Children who drink water containing high levels of lead can be at risk for learning disabilities, damage to the nervous system and kidneys and brain development problems, according to the Maine Department of Health and Human Services.
An MSSM home economics sink is testing a 2.1 ppb while two water fountains are testing at 1.4 and 1.3 ppb. The remaining kitchen sink, located in Limestone’s Recreation Department, which also shares the building, has tested at 1.4 ppb.
Those sinks had previously tested at 18.7, 8.9, 8.1 and 43.7, respectively, from initial samples in February and at 15, 6.4, 6.9 and 107 ppb, respectively, during follow-up testing in August. The most recent results occurred after the school disconnected and installed water filters at affected sinks.
At the latest school committee meeting Wednesday, Superintendent William Dobbins said that he and school officials had not yet received results for the remaining three faucets, which are connected to a kitchen sink and wall mount sink at MSSM and a teacher’s room in LCS.
During initial sampling, those sinks tested at 25.3, 103 and 18.9 pbb, respectively. They tested at 10.5, 8.9 and 6.8 ppb, respectively, with follow-up testing in August.
“We tested [the three remaining] sinks this week and are still awaiting results,” Dobbins said.
Dobbins faced public criticism after MSSM Executive Director Sam Critchlow alleged that he waited three months before notifying school and community members of the initial lead test results. At the time, 25 of the school’s 37 faucets tested well beyond the state’s limit of 4 ppb or the Environmental Protection Agency’s 15 ppb.
Records later showed that LCS provided public notification of the initial results in May, after CDC officials requested those results. At that time, several follow-up tests had already been done.
The delay appeared to violate a state CDC rule that schools notify community members within five days of receiving initial results.
The CDC indicated through records that Dobbins also waited three months to notify community members in Caswell about initially high lead levels of lead at Dawn F. Barnes Elementary School. All 19 faucets tested below 1 ppb after follow-ups in July.
In September, Dobbins told Limestone school committee members that he waited to notify the public of the initial results so that the committee would know first. Committee members said that they did not know the results until June and urged school officials to conduct remediation and further tests.
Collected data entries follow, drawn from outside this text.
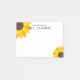 Posto de girassol — nota para um professor com "da mesa de" escrito acima do seu nome, em uma charmosa fonte esboçada. Os girassóis são grandes e amarelos brilhantes, um em cada dois cantos.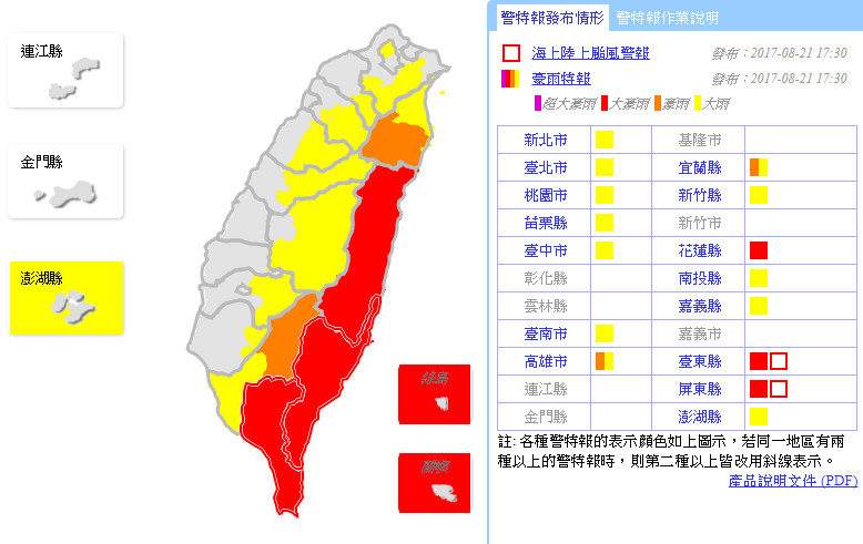 氣象局指出,天鴿颱風暴風圈預估明(22)日清晨觸陸,明上午是影響台灣最劇烈的時間。受到外圍環流逼近影響,今(21日)晚至明(22)日氣象局針對台東、花蓮、屏東地區發布大豪雨特報;宜蘭山區、高雄山區有局部大雨或豪雨;南部地區、中部以北山區及澎湖有局部大雨發生的機率,要注意坍方、落石、土石流。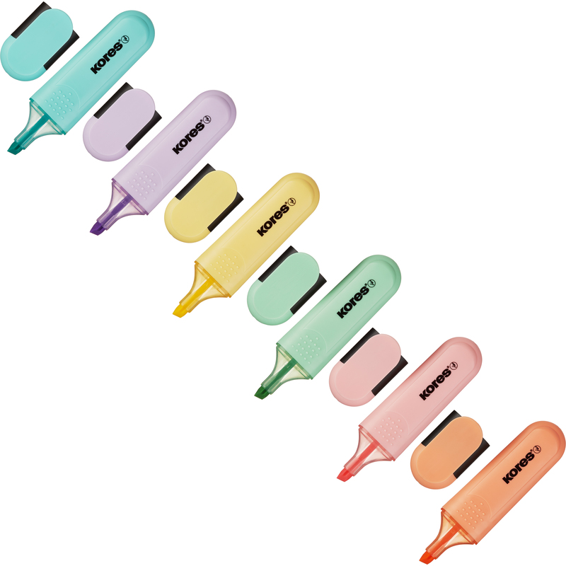 Текстовыделители Kores Bright Liner Plus со скошенным наконечником. Маркеры пастельных цветов: желтый, голубой, зеленый, розовый, оранжевый, фиолетовый. Чернила на водной основе. Предназначены для выделения текста на различных типах бумаги. Позволяют проводить линии толщиной 0,5-5 мм. Удобный пластиковый корпус. Безопасно при использовании по назначению. Хранить в сухом месте при температуре от 5 до 35 °C.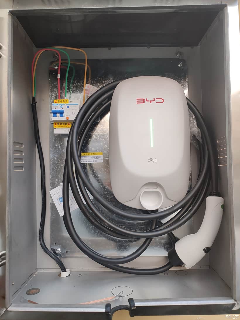 关于充电桩,家里是老小区,没有固定车位,申请不了新能源电表,本来想把充电桩自提回来找人安装到家用表上,APP上约了之后可以给安装,11/1上门安装,提前自己买了个箱子,安装费100,电表下面加个空开50,一共花了150,6*3单股硬线正好用了30米,这一单估计安装公司肯定是赔钱了,充电功率6kw左右DMI版本的26度电池够用了,25%充到满大概3小时。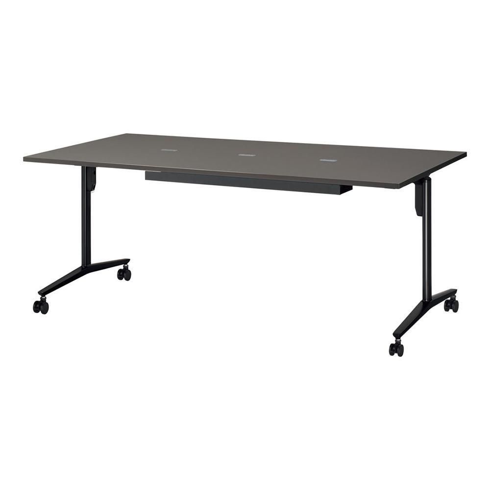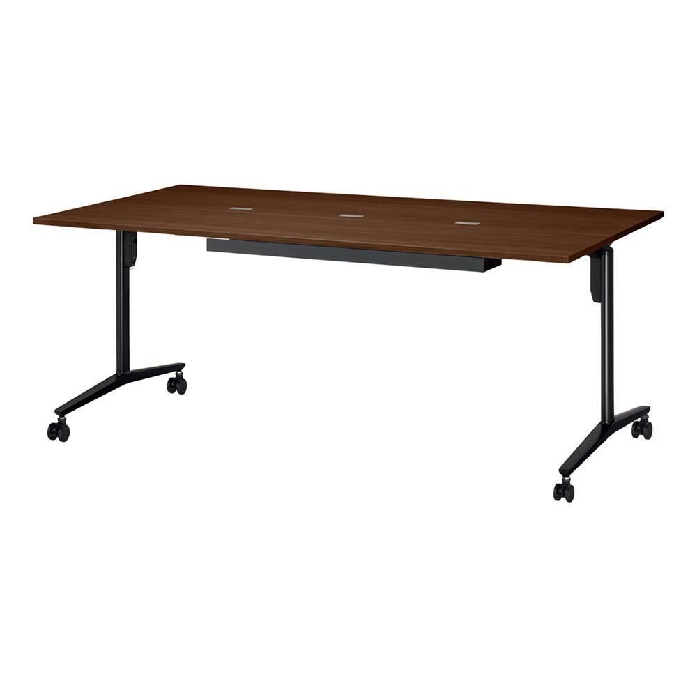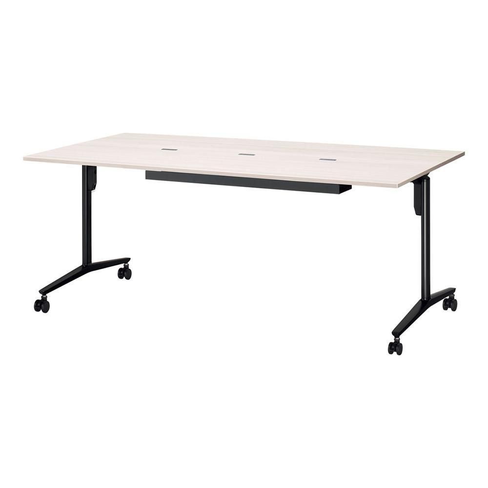 こちらの商品は、長方形天板、T字脚、キャスター、埋め込み電源、幅2100×奥行900×高さ720mmタイプです。脚カラーは3色、天板カラーは8色から選べます。

Committee members did not offer further comments during Wednesday’s meeting.
In other business, school leaders honored former committee member Kathie Beaulieu for her three years of service. Dobbins presented Beaulieu with an engraved rocking chair alongside former committee member Michelle Albert, who received her chair at last month’s meeting.
Beaulieu served on the school committee from 2019 until 2022 and was instrumental in LCS’s efforts to withdraw from RSU 39, Dobbins said.